** Opening GIVEN DATA block **
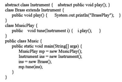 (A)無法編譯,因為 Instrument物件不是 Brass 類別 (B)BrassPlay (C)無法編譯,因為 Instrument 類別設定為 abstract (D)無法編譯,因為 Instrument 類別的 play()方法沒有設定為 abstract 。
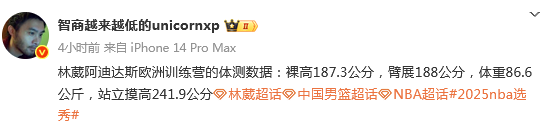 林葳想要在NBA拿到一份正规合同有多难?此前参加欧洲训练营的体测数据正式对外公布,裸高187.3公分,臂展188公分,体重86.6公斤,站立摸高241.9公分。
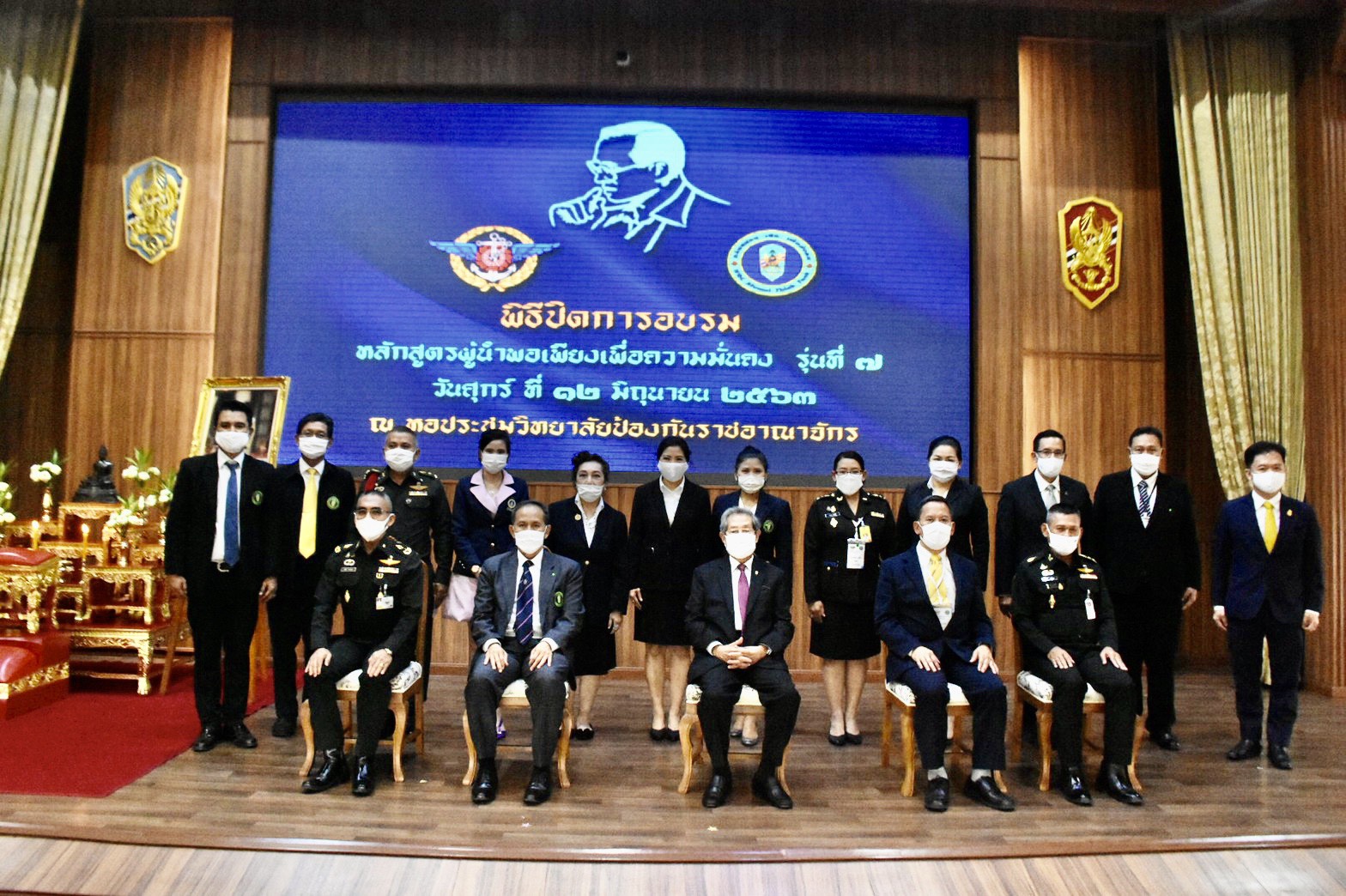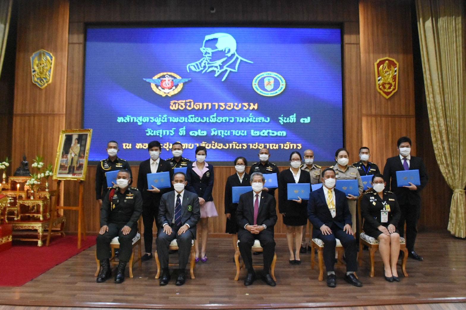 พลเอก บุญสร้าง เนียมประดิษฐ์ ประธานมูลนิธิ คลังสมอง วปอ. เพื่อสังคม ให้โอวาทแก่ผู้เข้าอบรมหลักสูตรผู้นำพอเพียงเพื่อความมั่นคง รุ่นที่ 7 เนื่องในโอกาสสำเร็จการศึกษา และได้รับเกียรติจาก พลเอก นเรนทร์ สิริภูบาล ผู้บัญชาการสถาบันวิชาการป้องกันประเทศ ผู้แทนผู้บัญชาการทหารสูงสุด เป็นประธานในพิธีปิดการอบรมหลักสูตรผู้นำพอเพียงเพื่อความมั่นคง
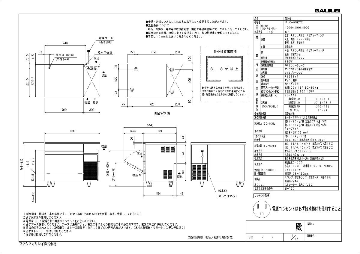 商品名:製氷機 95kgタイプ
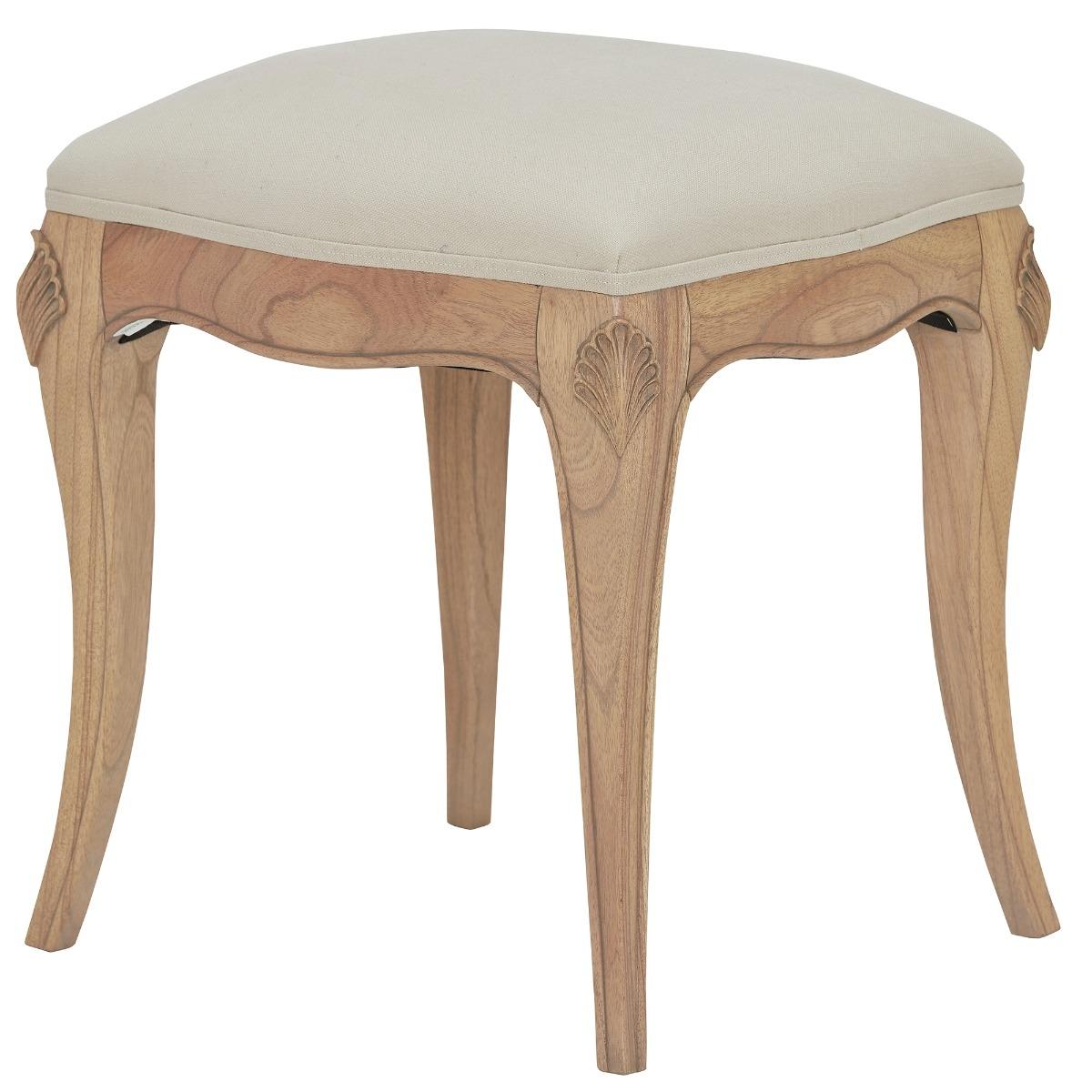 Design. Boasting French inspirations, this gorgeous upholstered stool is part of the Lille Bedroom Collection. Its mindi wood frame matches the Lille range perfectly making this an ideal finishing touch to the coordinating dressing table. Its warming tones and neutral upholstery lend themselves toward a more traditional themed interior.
** Closing GIVEN DATA block **
* _WHAT NEEDS TO BE DONE_
For this step, transcribe all the material above exactly and drop the images.

* _EXERCISE RESPONSE_
 (A)無法編譯,因為 Instrument物件不是 Brass 類別 (B)BrassPlay (C)無法編譯,因為 Instrument 類別設定為 abstract (D)無法編譯,因為 Instrument 類別的 play()方法沒有設定為 abstract 。
 林葳想要在NBA拿到一份正规合同有多难?此前参加欧洲训练营的体测数据正式对外公布,裸高187.3公分,臂展188公分,体重86.6公斤,站立摸高241.9公分。
 พลเอก บุญสร้าง เนียมประดิษฐ์ ประธานมูลนิธิ คลังสมอง วปอ. เพื่อสังคม ให้โอวาทแก่ผู้เข้าอบรมหลักสูตรผู้นำพอเพียงเพื่อความมั่นคง รุ่นที่ 7 เนื่องในโอกาสสำเร็จการศึกษา และได้รับเกียรติจาก พลเอก นเรนทร์ สิริภูบาล ผู้บัญชาการสถาบันวิชาการป้องกันประเทศ ผู้แทนผู้บัญชาการทหารสูงสุด เป็นประธานในพิธีปิดการอบรมหลักสูตรผู้นำพอเพียงเพื่อความมั่นคง
 商品名:製氷機 95kgタイプ
 Design. Boasting French inspirations, this gorgeous upholstered stool is part of the Lille Bedroom Collection. Its mindi wood frame matches the Lille range perfectly making this an ideal finishing touch to the coordinating dressing table. Its warming tones and neutral upholstery lend themselves toward a more traditional themed interior.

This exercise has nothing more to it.